Его звали Нор; он оправдывался, говоря, что подозрительная фамилия происходит от английского названия логической схемы «или-не». Люди, которые владели чувством толка и расстановки, злословили его, говоря, будто Нора можно смело перевести как «ни то, ни се». Многие видели в нем заурядного инородца низких кровей; мало кто, правда, высказывался вслух на эту неудобную тему. Нор не очень обижался. Он мирно жил, он тиражировал себя, издаваясь в звуках, зевках и гримасах.
Особенностью Нора было то, что он не старел во сне.
Человек расходует на сон около трети отмеренной жизни; Нор избежал общей участи. Когда он засыпал, время для него останавливалось. Днем, бодрствуя, он развивался, как все: приобретал знания и навыки, впитывал полезные и вредные влияния среды; что до ночных часов, то он, сам не понимая, как именно, записывал их себе в резерв. По всему получалось, что ночью, когда никто не видит, ему впору было вовсе исчезать из привычной вселенной, чтобы придать чуду логическую завершенность. Но чудо на то и чудо, что не нуждается в логике, и Нор никуда не исчезал. Однако тайная физическая жизнь его организма резко замедлялась, как будто в состоянии анабиоза, а днем Нор, евший за десятерых, наверстывал упущенный ночью обмен веществ. Он казался моложе, чем был, но не настолько, чтобы разница резала глаз.
Разумеется, он никогда не видел снов.
Нор не мог знать об этой особенности своего существования и считал, что устроен обычным образом. Что касается снов, которых не было, то он думал, что сон его попросту необычайно глубок и крепок, а значит, быстро забывается, как все здоровое и скучное, с чем поздравлял себя, усматривая в этом признак расположения небес.
Сэкономленный сон откладывался в невидимый астральный горб.
Нор жил безмятежно до поры, пока не начал чувствовать внутри себя настоятельный зов, который приказывал ему пойти и найти свой дом.

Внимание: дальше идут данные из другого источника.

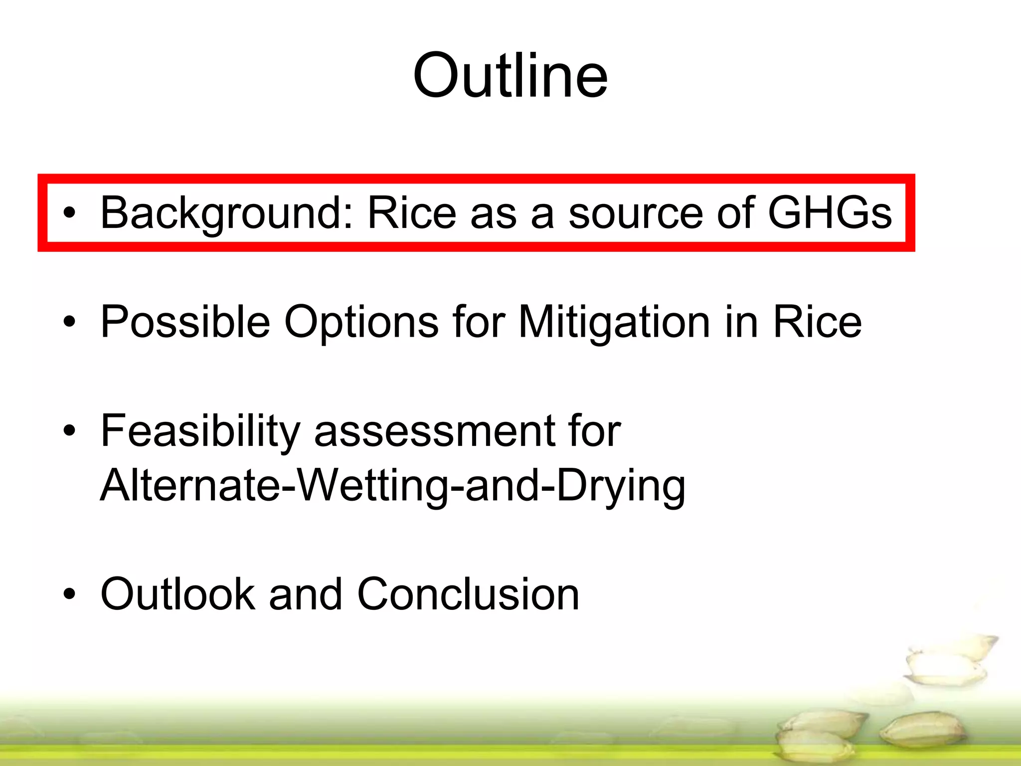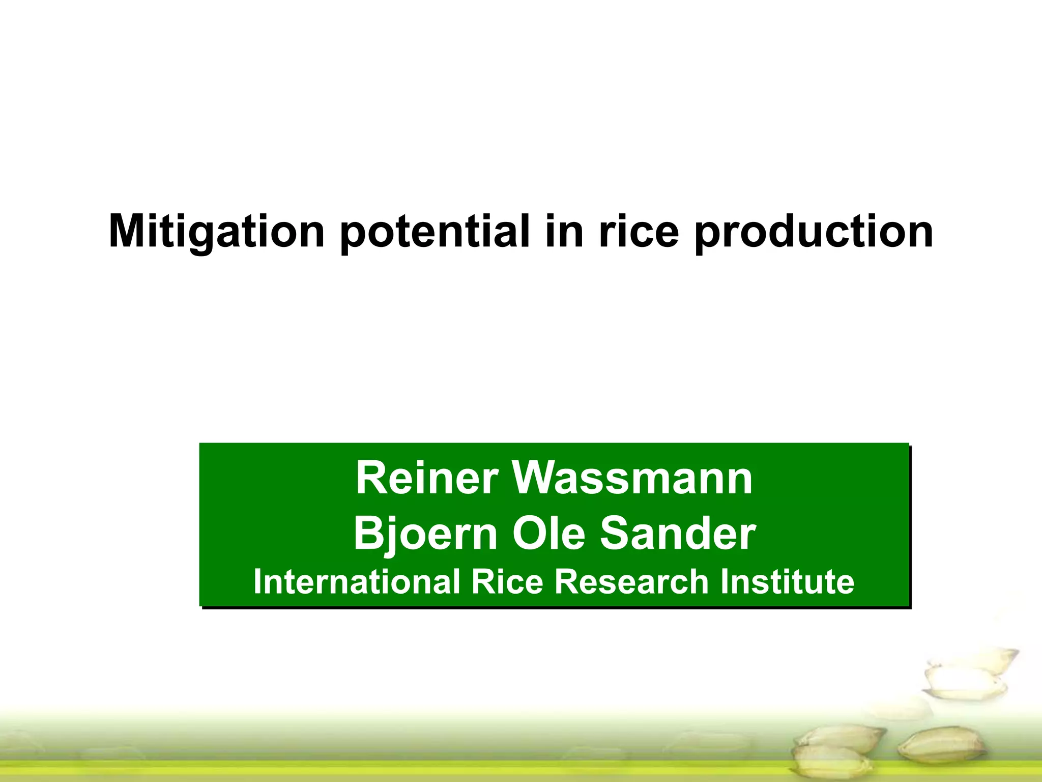 The document discusses the greenhouse gas emissions from rice production and explores mitigation strategies like alternate-wetting-and-drying (AWD) irrigation to reduce methane emissions and conserve water. It highlights the significance of rice cultivation in greenhouse gas budgets and promotes the adoption of AWD as a feasible water-saving technique that can also enhance rice productivity. The report concludes with an emphasis on the need for tailored information and support for stakeholders in implementing these mitigation options.
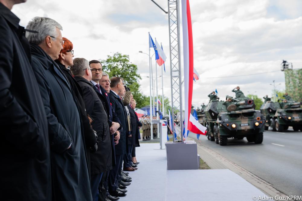 Premier Mateusz Morawiecki wziął też udział w defiladzie wojskowej, która odbyła się na warszawskiej Wisłostradzie. Uczestniczyli w niej m. in. Żołnierze Wojska Polskiego, żołnierze wojsk sojuszniczych oraz funkcjonariusze służb mundurowych. Defiladowym krokiem przemaszerowało ok. 2 tys. osób, zaprezentowanych zostało 200 pojazdów oraz 80 statków powietrznych.
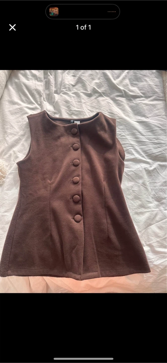 Here's a cute H&M brown sleeveless top! It features a button-down design, perfect for layering or wearing on its own. It's in great condition and ready for a new home in your wardrobe
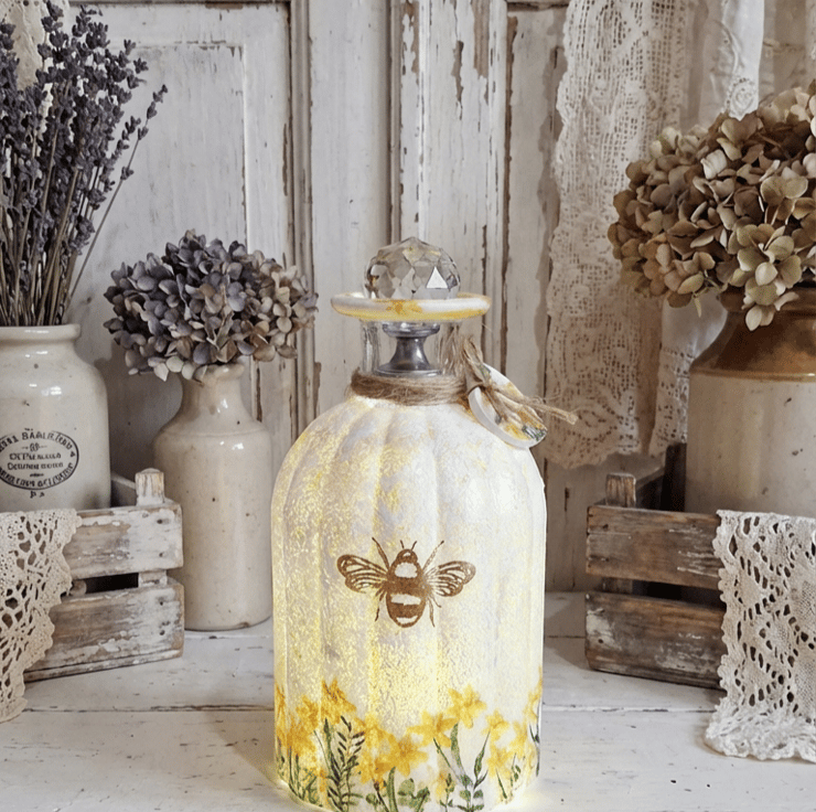 With the addition of battery fairy lights, with a crystal topper, this makes it into a lovely Lamp with a soft glow.

Его семья сменила много мест, которые Нор помнил все до последнего, кроме самого первого. Поначалу он думал, что поиски выйдут легкими. Но как ни старался Нор, ему никак не удавалось отыскать дом своего рождения. Нечто могущественное и настойчивое снова и снова гнало Нора на поиски. Сведения, бесполезные на первый взгляд, кучковались в изгнании, в погребах памяти; аромат сундука вплетался в интуитивные построения ищущего рассудка. Нор не сомневался, что предчувствие опирается на предзнание.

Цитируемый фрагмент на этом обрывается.